3. Bezüglich der Behauptung des Sanitäters, Safwan Eid habe in der Brandnacht gesagt “Wir warns” hat die Verteidigung in einem mit einer Dolmetscherin in der Haftanstalt am 03.04.1996 geführten Gespräch feststellen müssen, daß Herr Eid auf entsprechende Frage antwortete, es könne sein, daß er dem Sanitäter gesagt habe “dir waren das” oder “dir haben das gemacht”. Die Nachfrage und Bitte, den Satz aufzuschreiben, den er dem Sanitäter gesagt haben könnte, schrieb der Beschuldigte vor Augen der Verteidigerin und der Dolmetscherin oben genannte Sätz auf. “Dir” verwendet der Beschuldigte für das Wort “die”.

4. Gegen die Behauptung des Sanitäters, der Beschuldigte habe ihm gesagt “Wir warns” spricht weiter, daß ausweislich der Akten Safwan Eid kurze Zeit vor dem Gespräch mit dem Hauptbelastungszeugen gegenüber einem Busfahrer und einem Bekannten von einem Brandanschlag von Personen außerhalb des Hauses berichtet hatte.
Gegen eine Täterschaft spricht auch, daß Safwan Eid laut der durchgeführten rechtsmedizinischen Untersuchung keine brandbedingten Veränderungen an den Händen oder im Gesicht hatte, die ein Hinweis auf eine möglichen Brandleger hätten sein können.

5. Die Verteidigung stellt in der Beschwerdeschrift fest, daß der von der Staatsanwaltschaft vorgelegte Untersuchungsbericht, der von einem Brandausbruchsort im 1.Stock ausgeht, in wesentlichen Punkten falsch ist.

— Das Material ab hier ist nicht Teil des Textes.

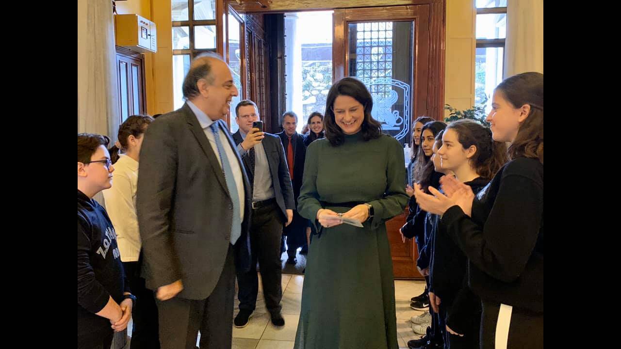 Δείτε φωτογραφίες από την υποδοχή της υπουργού Παιδείας στο Ζωγράφειο Λύκειο και τον λυκειάρχη Γιάννη Δεμιρτζόγλου:

So behauptet der Untersuchungsbericht, man könne widerspruchsfrei von einem Durchbrand von der angeblichen Brandausbruchsstelle im 1.Stock bis zum Dach ausgehen. Der erste Widerspruch zu dieser Behauptung drängte sich der Verteidigung jedoch bereits bei der Begehung des Brandhauses am 02.04.1996 mit dem Sachverständigen Prof. Achilles auf. Den im über der angeblichen Brandausbruchsstelle befindlichen Toilettenraum des 2. Obergeschosses hängt noch heute eine unverbrannte Toilettenpapierrolle.

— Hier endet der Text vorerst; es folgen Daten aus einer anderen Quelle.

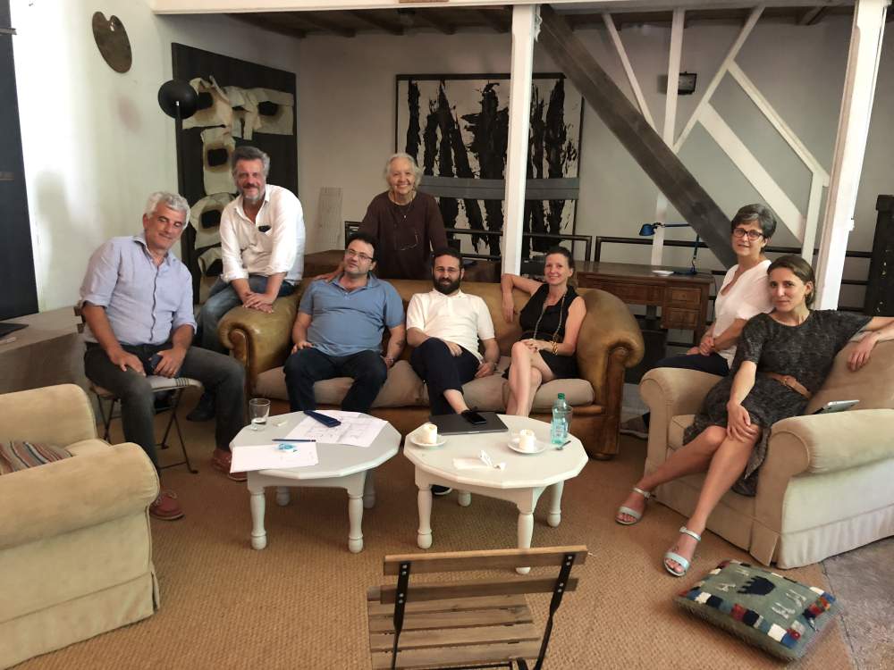 Da sinistra, il gallerista Niccolò Sprovieri, Damiano Urbani, direttore dell’Archivio Kounellis, Damiano Kounellis, presidente dell’Estate di Jannis Kounellis, Michelle Coudray, presidente dell’Archivio Kounellis, Vincenzo de Bellis, Valentina Palazzari, vicepresidente dell’Archivio Kounellis, Elisabetta Campolongo, archivista dell’Archivio Kounellis e Giulia Ruberti, gallerista, in occasione di una visita all’Archivio Kounellis durante la preparazione della retrospettiva di Jannis Kounellis al Walker Art Center nel luglio 2018

Widerlegt wird auch die Behauptung der Staatsanwaltschaft, eine Inbrandsetzung des hölzernen Vorbaus von außen könne ausgeschlossen werden, da die Hauseingangstür verschlossen gewesen sei. Tatsächlich befindet sich im hölzernen Vorbau ein Fenster, das gar keine Schließvorrichtung besaß und durch Fingerdruck geöffnet werden konnte.

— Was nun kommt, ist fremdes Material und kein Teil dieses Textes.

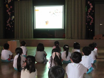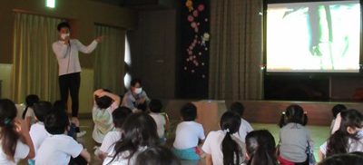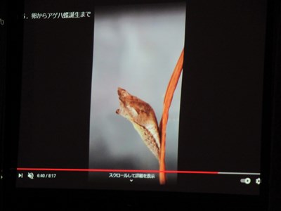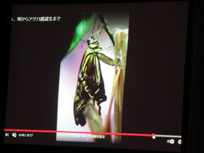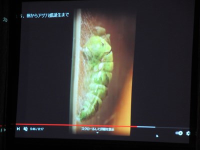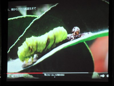 そして、大きなスクリーンに卵がうつり、中から幼虫が出てくると「この幼虫が最初に食べるのは何だと思う?・・・そう、自分の卵の殻を食べるんだよ。」子ども達は、びっくりして食い入るように映像を見つめていましたよ。

Aufgrund der Aktenlage und vielfältiger Aussagen unbeteiligter Beobachter muß von einem Brandausbruch im Erdgeschoß -dem hölzernen Vorbau-, möglicherweise aber auch von drei unabhängig voneinander bestehenden Brandherden ausgegangen werden. Dies läßt eher Vermutungen auf eine Brandlegung durch Außeneinwirkung zu.

6. Nicht zu der Theorie der Staatsanwaltschaft paßt der Tod des Hausbewohners Sylvio A. im hölzernen Vorbau. Weder ist bisher geklärt, was es mit einem laut Todesermittlungsakte um die Leiche gewundenen dünnen Draht auf sich hat, noch wie zu erklären ist, daß Sylvio A. nicht an Rauchgasvergiftung gestorben ist oder auch nur wesentliche Rauchgaseinatmung festgestellt werden konnte.

7. Die Verteidigung hat erneut beantragt, ein Brandgutachten über die Ursachen des Brandes in der Hafenstraße erstellen zu lassen und Prof. Ernst Achilles aus Franfurt als Sachverständigen zu bestellen.